February 11, 2009 5:03 PM

Tell Us About A Time Mom Stood Up For You

By
Brian Dakss
(CBS)  Mother's Day is close at hand, and you can take part in a writing competition to honor or remember your mom, or someone you view as one.

The Early Show, writer Mitch Albom, social media site Gather.com, Royal Caribbean International, and Borders are teaming to bring you the competition.

Just write a short essay telling about a time your mom stood up for you, perhaps when nobody else did.

Gather members will narrow entries down to 10 finalists, and Albom will choose the one he thinks is best.

The winner will be announced on The Early Show on Thursday, May 10. In addition to a trip to New York City to appear with Albom on the show, the winner will get a seven-night cruise for two on Royal Caribbean's newest cruise ship, Liberty of the Seas.

For much more on the competition, and to enter, click here. You have until April 25 at 11:59 p.m. to enter.
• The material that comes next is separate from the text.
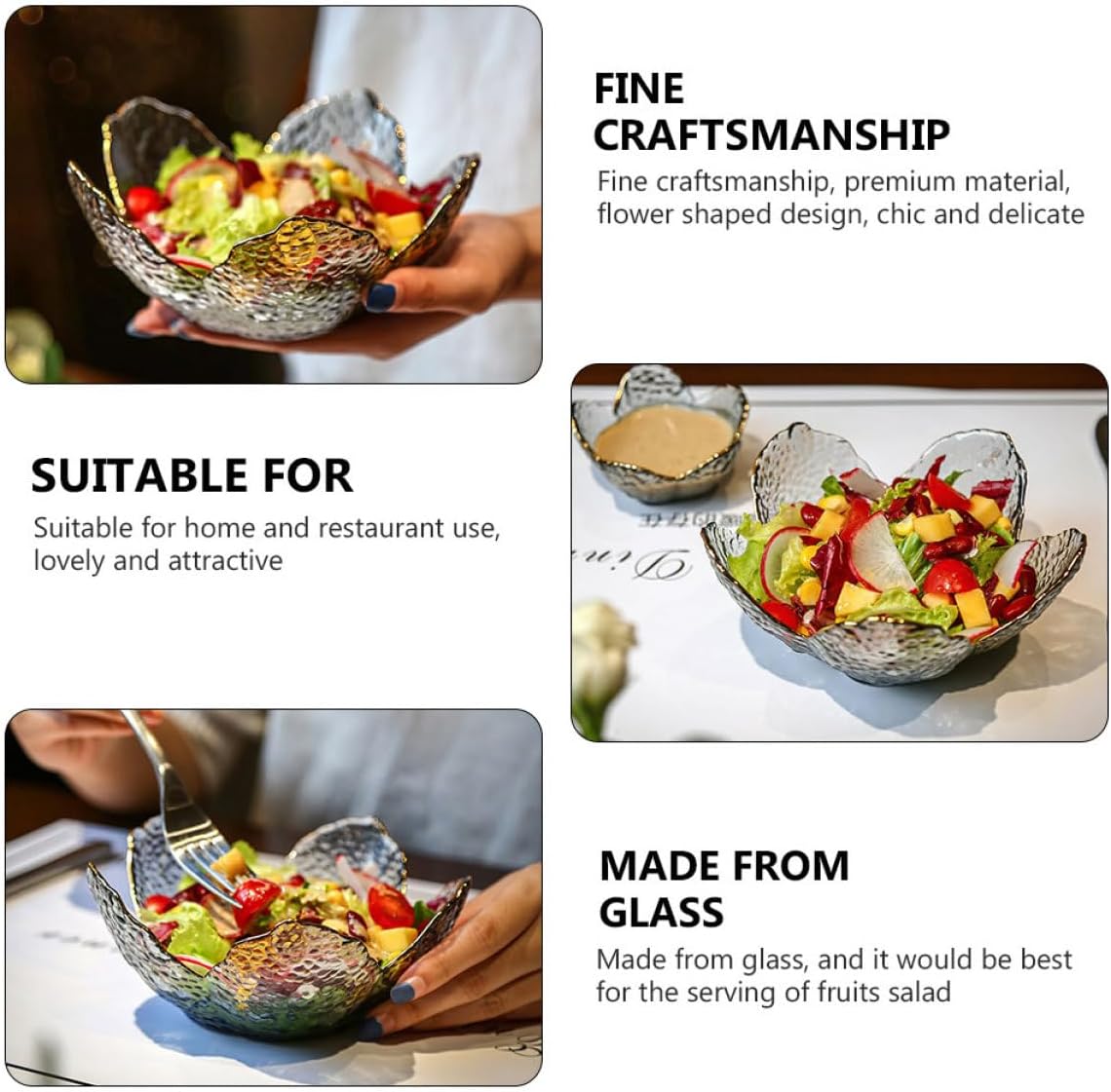 Package List 3 x plates Characteristics - Size S: 9.00X9.00X4.50cm/3.54X3.54X1.77in. -Product Info:Gold-edged glass bowl - Size L: 16.00X16.00X8.00cm/6.29X6.29X3.14in. - Color: Grey. - Size : 12.00X12.00X4.50cm/4.72X4.72X1.77in. - Material: glass. - It can be used for salads, fruits, oatmeal, etc., and can also be used for decoration and posing Snack Serving Bowl. - Fine craftsmanship, , flower shaped design, chic and delicate. - This is a bowl made from glass, and it would be best for the serving of fruits salad Glass Bowl. - Suitable for home and restaurant use, lovely and attractive Breakfast Bowl. - A home essential tool, easy to clean. Transparent appearance is easy to observe the food it holds Glass Tableware.Goods DescriptionSnack Serving Bowl With the fine craftsmanship, along with the , this product that we are making would be very to use.Fruit Bowl This is a bowl made from glass and with its size it would be best for the serving of salad, fruits, noddles and so on

Albom announced the competition on The Early Show Wednesday.

"We'll pick one winner. That's great," he told co-anchor Harry Smith, "but to me, the best part is, people get to do these things, and maybe they get then share them with their mother, or with their family, and realize, 'Hey, I should have said this sometime earlier!' "

He's the author of "For One More Day," a top-selling novel published in September. It explores the idea of having just one more day with someone you love who has died.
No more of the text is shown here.